LACS Lecture. Eating NAFTA: Mexico in a Post-Migration and Post-Labor Era

Alyshia Gálvez, Associate Professor, Lehman College-The City University of New York

Alyshia Gálvez Alyshia Gálvez
Alyshia Gálvez
Can we speak of Mexico today as having entered a post-migration and post-labor era? What is the place of average Mexicans in the post-NAFTA economy? Is the role imagined for them one only of consumption? If so, what are the health consequences of this? This presentation examines how trade policy and migration have altered one of the most basic elements of life: sustenance. It tells the binational story of the interdependent food system between Mexico and the U.S. and the consequences for people’s everyday lives and health of those interconnections.
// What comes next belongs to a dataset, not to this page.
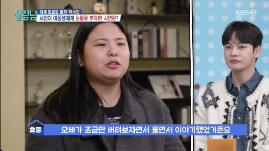 동생의 눈물 섞인 고백에 박서진이 보인 반응은 예상 밖이었다. 평소 무뚝뚝하던 오빠가 동생을 붙잡고 같이 울기 시작한 것. 효정 씨는 “오빠가 조금만 버텨보자면서 울면서 이야기를 했었거든요. 오빠가 한 가지를 이렇게 오래 잡고 있는 것도 동생으로서는 신기하거든요. 오빠가 놓치기 싫은 프로그램이었던 것 같아요”라며 박서진의 간절했던 태도를 떠올렸다.
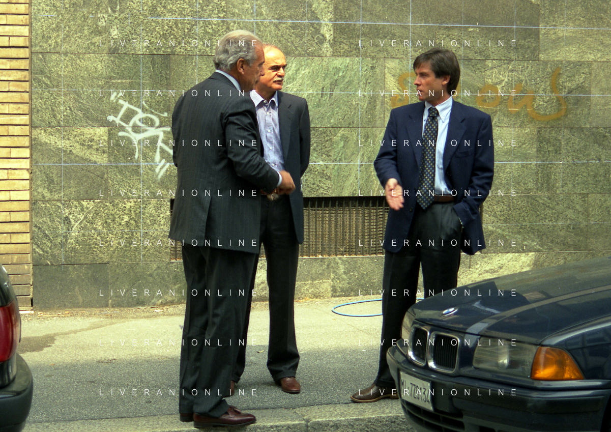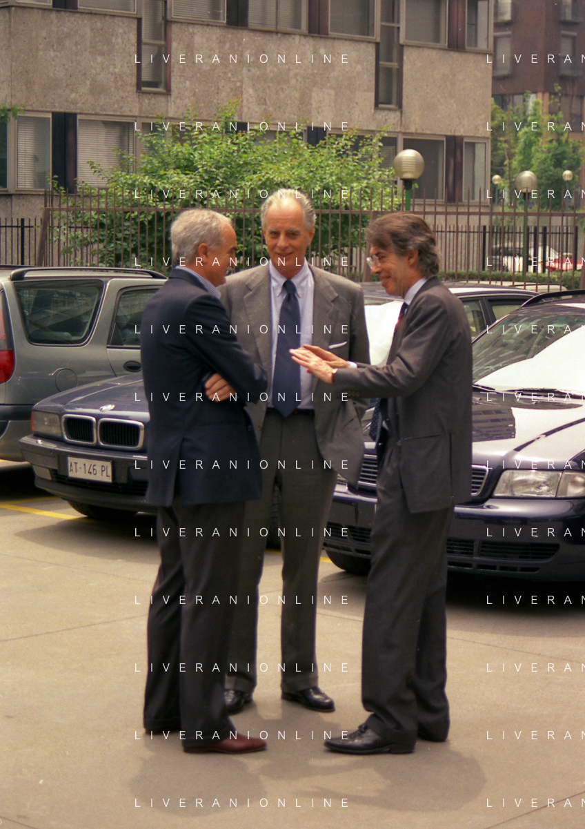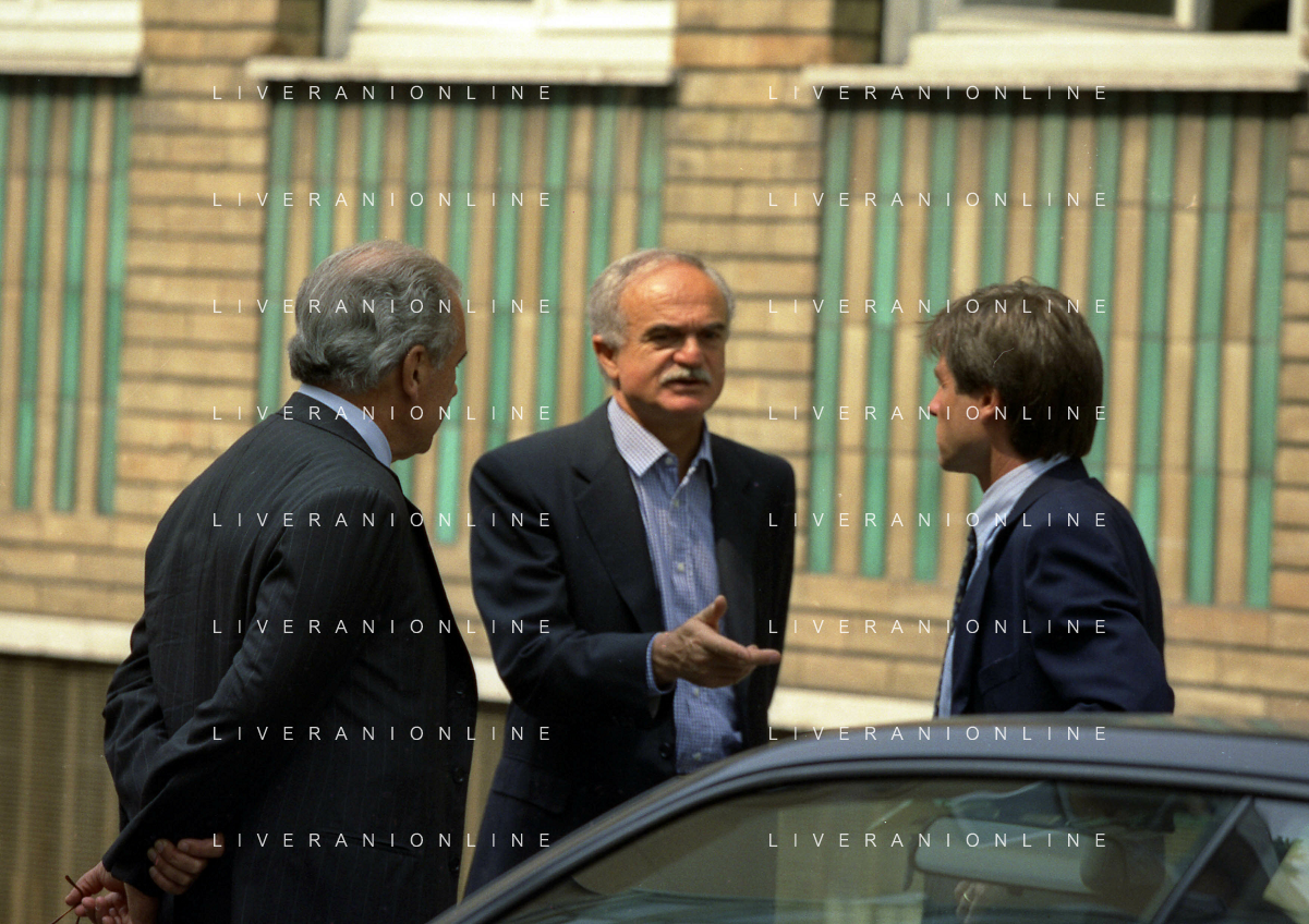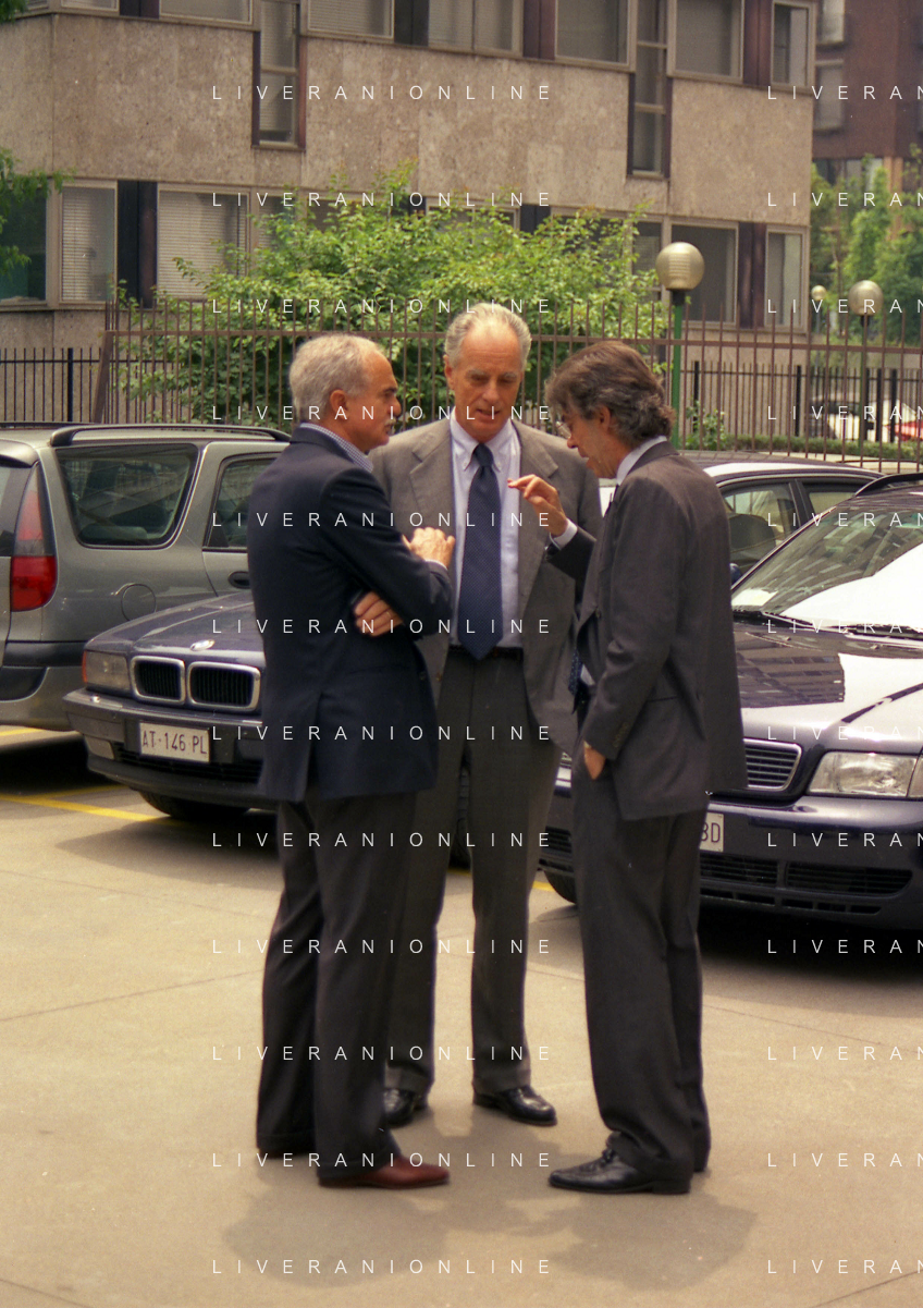 MILANO- 03-06-1998 LEGA CALCIO VIA ROSSELLINI RIUNIONE PRESIDENTI NELLA FOTO GIUSEPPE GAZZONI FRASCARA SANDRO MAZZOLA E GABRIELE ORIALI AG ALDO LIVERANI SAS

How and what people eat in Mexico and the United States has transformed in the last two decades, with massive consequences for public health. This talk is based on Gálvez's book, a study that examines the connections between food policy and migration, and their connection to eating practices and health in Mexican communities on both sides of the border. The North American Free Trade Agreement has been closely analyzed at the level of policy and bilateral politics, including the ways that it has impacted the production and circulation of goods and services in North America. But very little has been done to analyze the micro-level changes to every day life experienced by people in the region. While trade policy has liberalized the flow of goods and currency, it has been accompanied by greater militarization of borders, and an illegalization of the circulation of workers. This study examines the current intersection of trade policy, globalization, and social programs in Mexico I argue that the rise of diet-related illness in Mexico is a logical outgrowth of trade and development policies and arrangements that favor food security over subsistence agriculture, “development” over sustainability, market participation over social welfare, and ideologies of self-care over public health care.